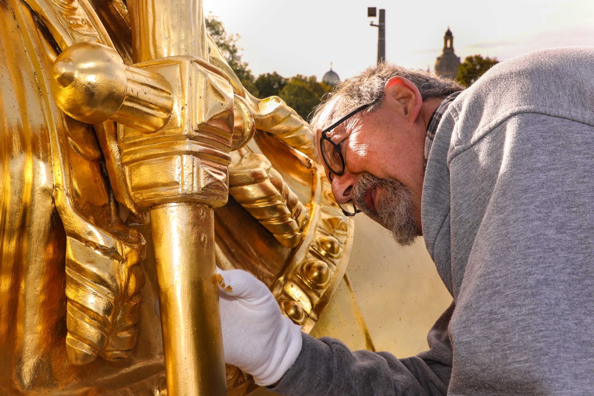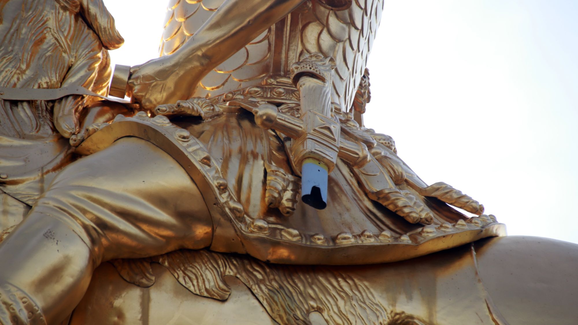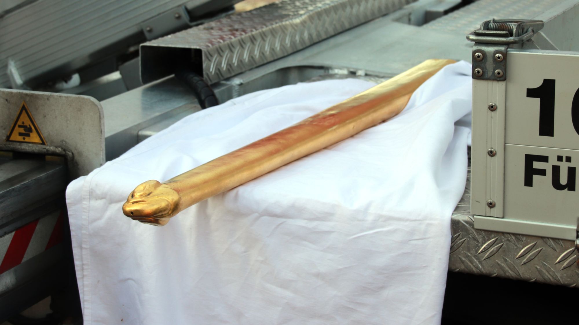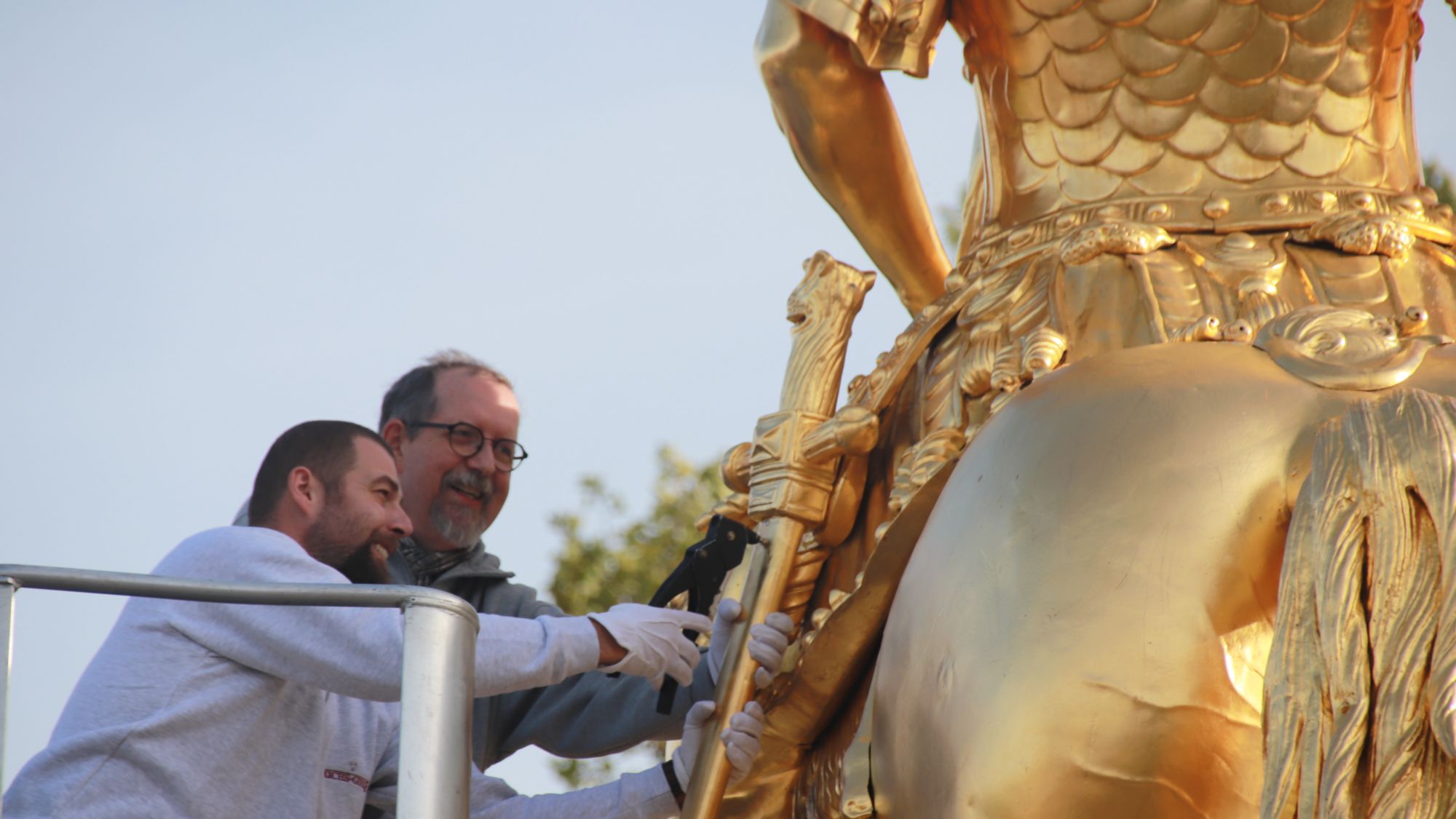 Straßburger kümmert sich seit 2001 um das mit Blattgold beschichtete Reiterstandbild. Damals wurde es komplett saniert. Die aktuelle Reparatur und die Verstärkung der Manschette haben 9.300 Euro gekostet, berichtet der Bürgermeister.
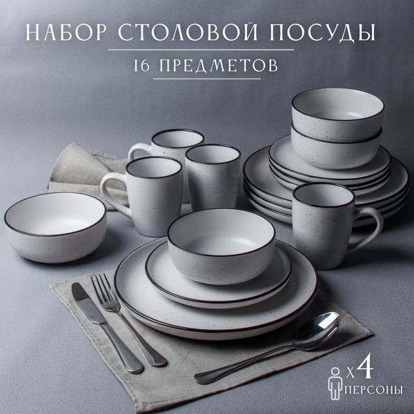 Набор посуды из керамики 16 предметов на 4 персоны
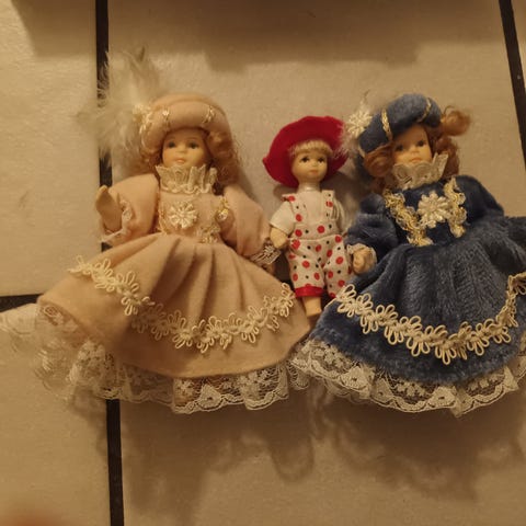 ANTIKKE GLAS FIGURER EVT TIL SÆTTEKASSE/DUKKEHUS
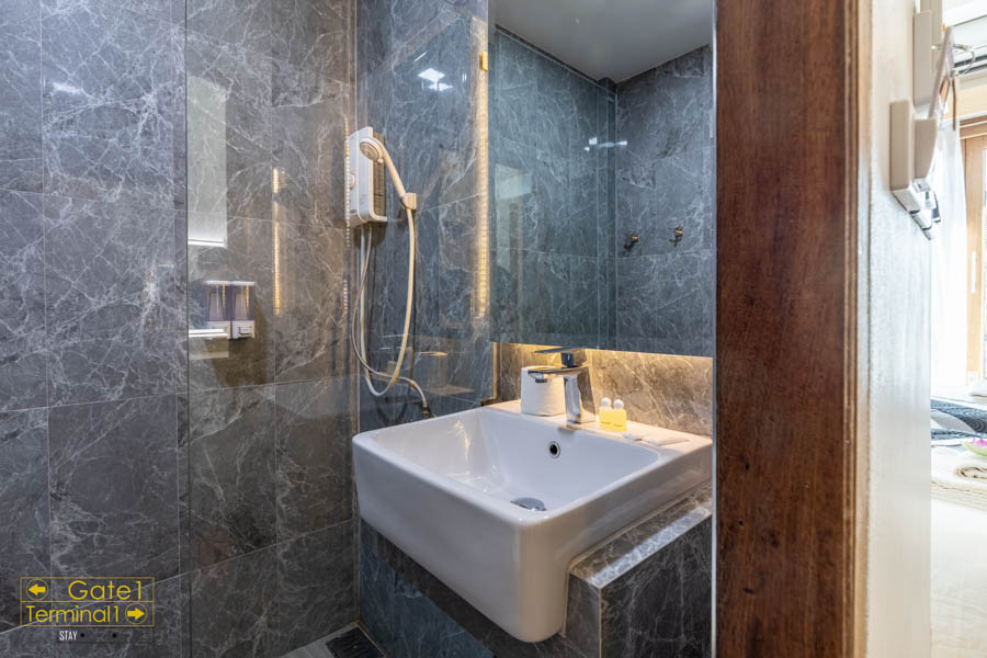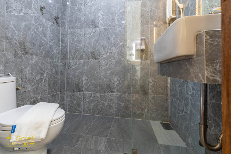 ส่วนห้องน้ำไม่กว้างมาก มีการแบ่งโซนแห้งกับโซนเปียก (เกือบ) จะชัดเจน มีเครื่องทำน้ำอุ่น ส่วนของใช้ในห้องน้ำจะมีแค่แชมพู กับ สบู่ เท่านั้น
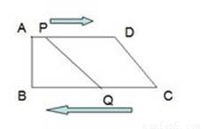 如图,在四边形ABCD中,AD∥BC,∠B=90°,AB=8cm,AD=24cm,BC=26cm,动点P从点A出发,以1cm/s的速度向点D运动;动点Q从点C同时出发,以3cm/s的速度向点B运动。规定当其中一个动点到达端点时,另一个动点也随之停止运动。设运动时间为t,求:
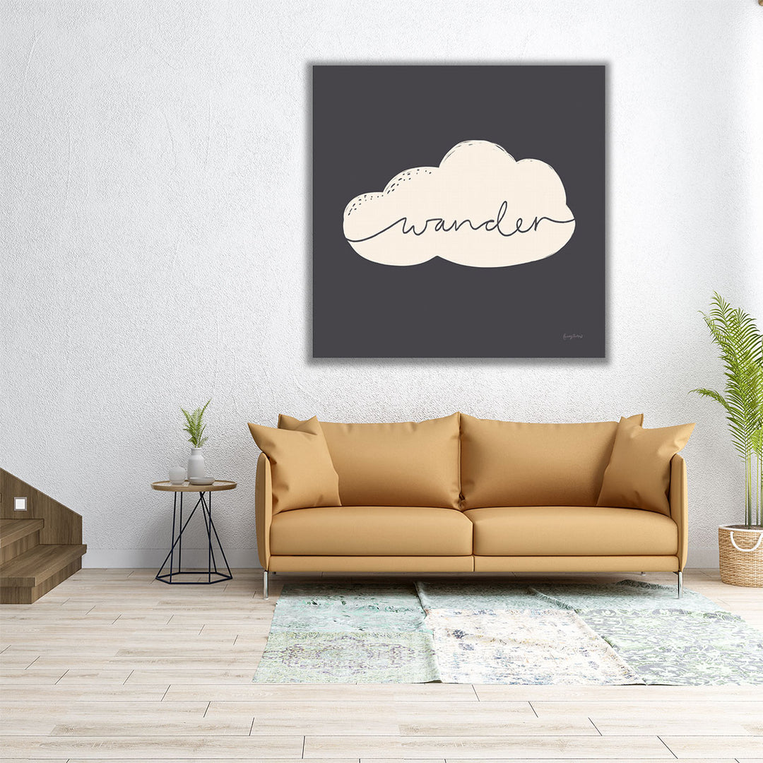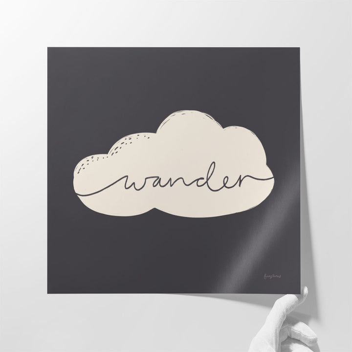 This serene design features the word "wander" elegantly written inside a soft white cloud, bringing a sense of calm and inspiration.
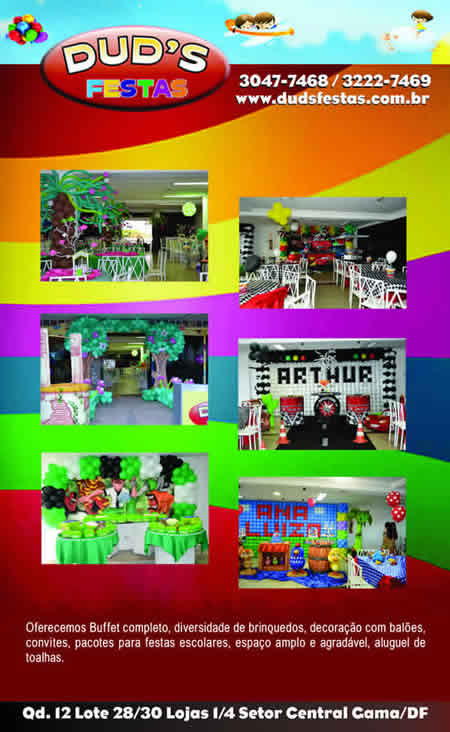15/05/2013 08:52A DUD’S FESTAS é uma empresa especializada em festas infantis com tudo o que é necessário para a realização deste grande sonho. DUD’S FESTAS oferece : Buffet completo, diversos brinquedos , decoração com balões , convites , pacotes para festas escolares , espaços amplos e agradáveis , aluguel de toalhas . Decoramos a festa do seu filho ou filha com todo o carinho e perfeição . A DUD’S FESTAS conta com uma equipe com qualidade, pontualidade e profissionalismo para fazer da festa do seu filho ou filha um grande evento. DUD’S FESTAS realizando sonhos de toda a família !. Para mais informações acesse: https://www.omb100.com
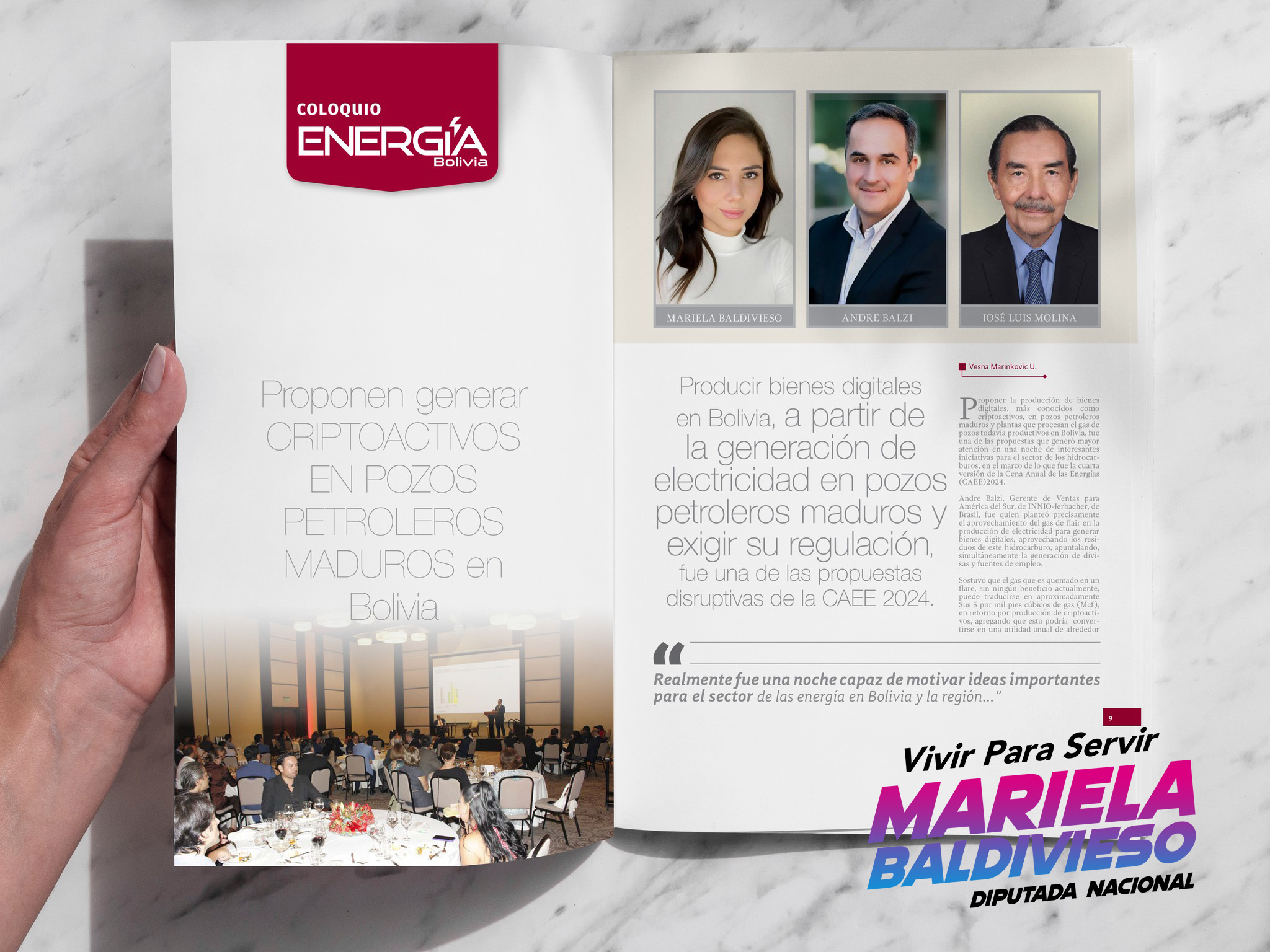 23 de mayo de 2024.- La diputada Mariela Baldivieso, protagonizo la portada de la revista Energía Bolivia de Santa Cruz en la edición 130; donde también compartió su opinión en la nota denominación: Proponen generar Criptoactivos en pozos Petroleros maduros en Bolivia.

#####

_Aim of the task_:
From the line that contains "This serene design" through the last line of the listing, copy each line exactly; both end lines stay in, and pictures stay out.

_Solution to the exercise_:
 This serene design features the word "wander" elegantly written inside a soft white cloud, bringing a sense of calm and inspiration.
15/05/2013 08:52A DUD’S FESTAS é uma empresa especializada em festas infantis com tudo o que é necessário para a realização deste grande sonho. DUD’S FESTAS oferece : Buffet completo, diversos brinquedos , decoração com balões , convites , pacotes para festas escolares , espaços amplos e agradáveis , aluguel de toalhas . Decoramos a festa do seu filho ou filha com todo o carinho e perfeição . A DUD’S FESTAS conta com uma equipe com qualidade, pontualidade e profissionalismo para fazer da festa do seu filho ou filha um grande evento. DUD’S FESTAS realizando sonhos de toda a família !. Para mais informações acesse: https://www.omb100.com
 23 de mayo de 2024.- La diputada Mariela Baldivieso, protagonizo la portada de la revista Energía Bolivia de Santa Cruz en la edición 130; donde también compartió su opinión en la nota denominación: Proponen generar Criptoactivos en pozos Petroleros maduros en Bolivia.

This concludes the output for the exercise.